Metinvest

MEDIA ABOUT US   |   Newsweek
November 06, 2024

Newsweek: Metinvest Produces Some 600 Steel “Hideouts” and Command Posts for the Front

A group of Ukrainian soldiers were sheltering in a metal barrel several meters underground, when one of Russia’s lethal, highly destructive 250-kilogram guided bombs landed nearby.

The six fighters spent days in the metal structure meters underground far below heaps of earth and soil, recalled Oleksandr Myronenko, chief operating officer for Ukrainian mining and steel holding Metinvest Group. It may have been days before they were rescued, he told Newsweek, a leading US magazine, but the protective steel shield saved their lives.

Now, staring down slow but steady Russian advances in the east and near-constant aerial bombardment, the Group and Ukraine’s military are working on setting up steel command posts dug deep into the ground. They are designed to protect soldiers close to the front line as well as commanders meeting miles away from the fierce clashes.

A single barrel, which takes around a week to make, is termed a “hideout,” while six of the barrels can be fused together in a more complex design to make up a steel command post.

Around 600 barrels have been churned out so far, making for around 480 “hideouts,” said Myronenko. The other 120 barrels have gone toward making a total of 20 steel command posts, Myronenko said. Of these, around 14 are up and running, with the rest delivered to the brigades preparing to use them.

An unnamed member of the Kara-Dag brigade, part of Ukraine's National Guard. The brigade have received new steel command centers, designed to be installed underground and protect fighters from aerial attacks.

Another four command posts are heading for the National Guard once they are finished off, Myronenko said. Another will be delivered to the famed Kraken unit, which is part of Ukraine’s GUR military intelligence agency.

The “hideouts” are intended to give at least minimal comfort conditions to troops very close to the front lines. The 20 command posts can house troop commanders, store weapons or host sleeping quarters for the military.

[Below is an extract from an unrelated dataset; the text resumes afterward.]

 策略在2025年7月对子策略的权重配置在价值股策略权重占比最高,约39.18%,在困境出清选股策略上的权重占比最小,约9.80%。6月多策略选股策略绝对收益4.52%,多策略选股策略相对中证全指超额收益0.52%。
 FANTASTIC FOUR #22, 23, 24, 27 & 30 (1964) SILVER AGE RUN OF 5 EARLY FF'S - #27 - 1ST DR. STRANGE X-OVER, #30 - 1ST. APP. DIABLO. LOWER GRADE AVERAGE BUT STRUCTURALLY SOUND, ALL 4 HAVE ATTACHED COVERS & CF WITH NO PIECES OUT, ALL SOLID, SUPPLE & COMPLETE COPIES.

The barrels have been used to build up fortifications along Ukraine’s defensive lines close to Pokrovsk, the essential Ukrainian logistics hub in the embattled eastern Donetsk region. Moscow has been inching toward this region since capturing the former Ukrainian stronghold of Avdiivka in February. Over the past year, more “hideouts” have been installed close to Pokrovsk.

Russia has claimed to have taken control of a handful of villages not far from Pokrovsk in recent weeks. Moscow has also made gains toward the city of Kupiansk, in the northeastern Kharkiv region, and managed to peel back some of the control Ukraine has maintained in the southern Russian Kursk region since early August.

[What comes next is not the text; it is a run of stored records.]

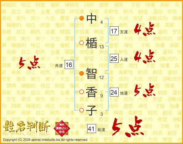中(4画)楯(13画) 智(12画)香(9画)子(3画)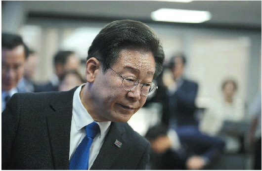 4月11日,在韩国首尔,共同民主党党首李在明出席记者会。 新华/美联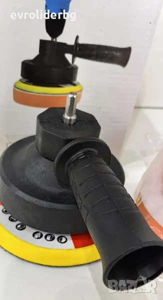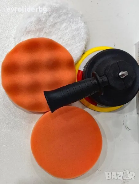 ПРИСТАВКА ЗА ПОЛИРАНЕ С ЕКСЦЕНТРИК И ДРЪЖКА ЗА ВИНТОВЕРТ И БОРМАШИНА, КОМПЛЕКТ С ТРИ РАЗЛИЧНИ ПОЛИРАЩИ ПОДЛОЖКИ!

On Saturday, Ukraine’s commander in chief, General Oleksandr Syrskyi, said Ukraine was “holding back one of the most powerful Russian offensives” since February 2022. With North Korean troops likely to join the fray in the coming days, according to the US, reducing prospects for a reprieve from aerial bombardment, Ukraine has its work cut out for its fighters heading for another winter season.

Metinvest publicly said back in January that it had started producing the steel underground command posts. The project falls under Ukrainian billionaire Rinat Akhmetov’s Steel Front initiative, known for designing steel shields for Ukrainian-operated Abrams tanks and Bradley infantry fighting vehicles donated by the US, and other Western-made tanks on the battlefield.

The barrels have also been delivered to the neighboring Luhansk region and throughout Kherson, in Ukraine’s south. They are “basically scattered along the front line,” Myronenko said.

No Protection Above Ground

With the cover of darkness, the Ukrainian installers dig pits into the earth, add layers of timber cladding and shoring up the hole up to five meters underground. They then pile vegetation and shrubs on top of the site to blend the command center into the landscape.

“No command post that is located above ground is efficient,” Myronenko said. “It simply doesn’t provide the proper protection if it’s above ground.”

Unless given away by nearby residents and saboteur groups, or by lapses in due diligence from the military, it’s very difficult for Russia to detect the underground steel structures, Myronenko said.

“They can be detected like any other command post if there is a constantly some concentration of people or concentration of vehicles nearby,” Myronenko said.

It is most vulnerable to Russian forces when being built, he said.

The underground command posts are vulnerable to a direct hit with one of Russia’s Iskander short-range ballistic missile, but the Shahed cannot typically reach those protected underground.

Standard-designed barrels can be tweaked to a brigade’s needs, Myronenko said. Some units request larger barrels, and others, for example first person-view (FPV) drone units, need to have space for a workstation to operate drones.

The barrels are not delivered with electronic warfare equipment as standard, and some units request empty, unfurnished barrels, Myronenko said.

“Some units, they have their own and they install them outside of the barrels to suppress the radio signals to protect themselves from drone strikes,” Myronenko said. “Sometimes the military, they approach us to procure electronic warfare systems for them. But this is done on a case-by-case basis,” he added.

“There is no cookie cutter approach, no universal recipe, when it comes to electronic warfare systems,” he said.